A doctor administers the Quinvaxem vaccine at the Truong Dinh Ward Clinic in the capital city’s Hai Ba Trung District. (Photo: VNA)
Hanoi (VNA) –
Medical experts are warning against what they see as an anti-vaccine campaign
that is being waged on social media.
A social media group with some 9,500 members, mostly parents of infants, has
been debating whether or not to get children vaccinated.
Many parents have expressed concerns about cases in which children have
suffered abnormalities and complications after getting vaccinated, with some on
them proving fatal.
On March 25 last year, a five-year-old in the northern province of Ninh Binh’s
Yen Thang commune died after experiencing high fever, convulsions and panic
attacks five days after getting the meningococcal (against
meningitis) vaccine from a local clinic.
On March 6 the same year, a four-month-old in the southern province of Dong Nai’s
Thanh Phu commune also died four hours after getting the Quinvaxem vaccine (a
combination vaccine for diphtheria, tetanus, pertussis, hepatitis B) at a local
clinic.
Several parents have posted their belief that it is better to let children’s
immune system develop normally rather than having through vaccinations,
the Tien Phong (Vanguard) online newspaper reports.
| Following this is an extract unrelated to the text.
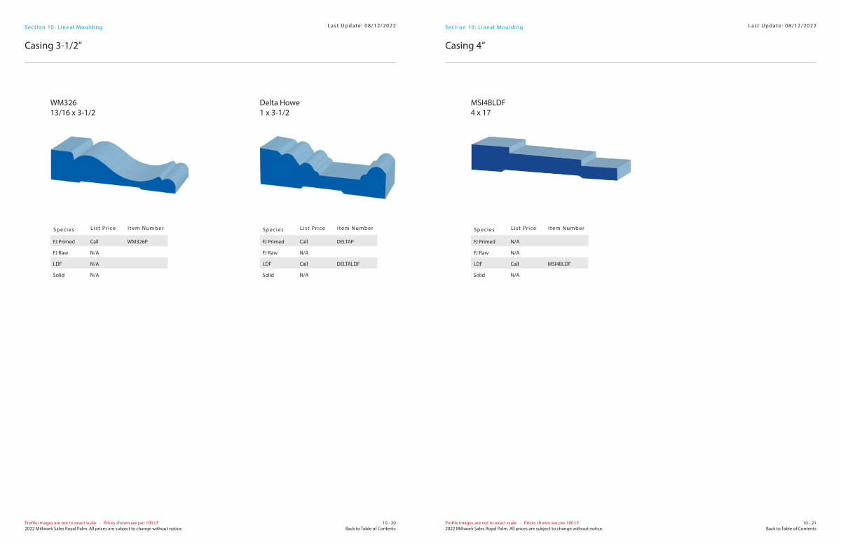 Profile images are not to exact scale- Prices shown are per 100 LF 2022 Millwork Sales Royal Palm. All prices are subject to change without notice.

The concerns about vaccine safety have been reinforced by some severe cases of
Japanese encephalitis over the last month.
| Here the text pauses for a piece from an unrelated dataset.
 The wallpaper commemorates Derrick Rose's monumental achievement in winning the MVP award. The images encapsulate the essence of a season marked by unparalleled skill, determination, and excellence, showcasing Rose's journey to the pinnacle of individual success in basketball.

These cases have seen children having epileptic attacks and even dying after
being vaccinated, the report says.
However, pediatricians say such concerns and views are groundless, and likely
to harm children far more than any real or imagined negative effects of vaccines.
Some 80 percent of children being treated at Children’s Hospital Number 1 in
HCM City have not been vaccinated, noted Doctor Truong Huu Khanh, head of the
hospital’s Department of Infection and Neurology.
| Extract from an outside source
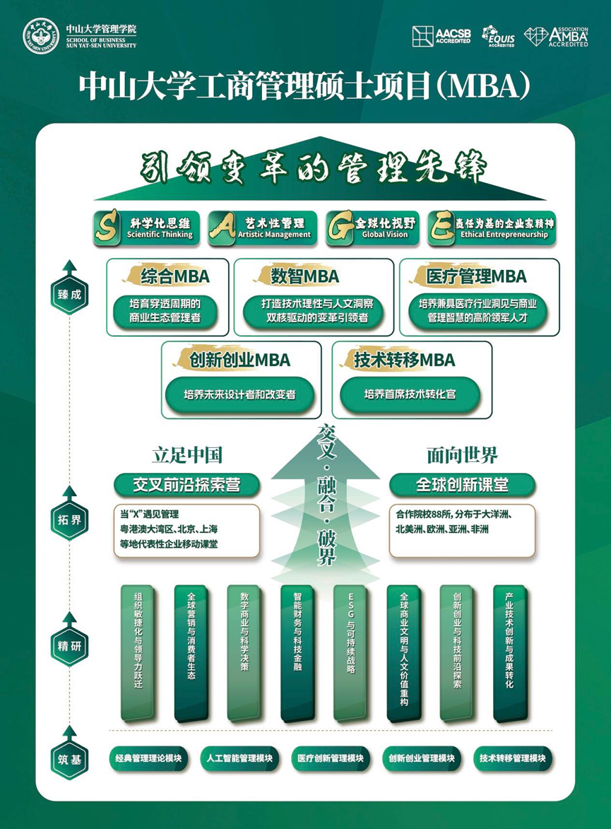 "构建了完善的MBA 培养体系,涵盖筑基、精研、拓界、臻成阶段,设置多种课程模块与项目方向,借助交叉前沿探索营、全球创新课堂等,培养能够引领变革的管理先锋。"

“Abandoning vaccines will cause a disaster of diseases,” Khanh said, referring
to the 2014 measles epidemic in Vietnam, believed to be triggered by parents
who did not get their children vaccinated.
“Side effects of vaccines occur in some children because each child has a
different mechanism that reacts differently to vaccines,” he added. “It is
better to minimise the side effects than abandon vaccines.”
Without vaccines, child mortality would increase and those who survive diseases
would have to live with disabilities for the rest of their lives, he warned.
Dr Phan Trong Lan, Director of the Pasteur Institute in HCM City, said that
based on national reports on the effectiveness of vaccines, authorities would
not continue using vaccines that are harmful to citizens, especially children.
Lan said he understood mothers’ concerns on seeing abnormal physical symptoms
appear in vaccinated infants, as well as their eagerness to find the cause of
those symptoms.
“They have doubts, they seek information from everywhere. And before they can
conclude what is right and what is wrong, they stop believing in the importance
of vaccines for young children,” he said.